— Depuis quand ça t’arrête ? s’esclaffa Rand.
Lanfear sembla réfléchir à la question. Sur un point, elle ne mentait pas : son incarcération l’inquiétait. Naguère, elle aurait ri de la proposition de Rand. Mais comme ils étaient dans un lieu qu’il contrôlait, à l’évidence, si elle acceptait, il pourrait plonger dans son esprit et le décortiquer.
— Je…, commença-t-elle.
Rand avança jusqu’à la lisière invisible de la prison. Ce tremblement, dans la voix de Mierin… Ce n’était pas un jeu ou une ruse. La première émotion sincère qu’il sentait chez elle.
Par la Lumière ! Elle va le faire pour de bon ?
— Je ne peux pas, Rand. Je ne peux pas…
Rand expira à fond. Puis il s’avisa que sa main tremblait. Si près… Si près de la Lumière, comme un félin sauvage dans la nuit qui rôde autour d’une étable éclairée par des torches.

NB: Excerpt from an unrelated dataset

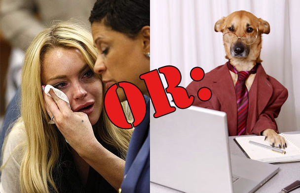 That being said, maybe you guys feel like talking about Lindsay Lohan going to jail. I don't know. Or MAYBE you want to post pictures of animals dressed up for a day at the office! It will be interesting to see which you decide.

Rand découvrit qu’il était furieux – plus encore qu’avant. Elle faisait toujours ça ! Manquer basculer du bon côté, mais finir par choisir son propre chemin…
— J’en ai fini avec toi, Mierin, dit Rand. (Il se détourna et sortit de la salle.) Pour toujours.
— Tu m’as mal comprise ! cria Lanfear. Tu m’as toujours mal comprise ! Montrerais-tu ton esprit à quelqu’un de cette façon-là ? Moi, j’en suis incapable, après avoir été si souvent giflée par ceux en qui j’aurais dû avoir confiance. Trahie par les gens qui étaient censés m’aimer.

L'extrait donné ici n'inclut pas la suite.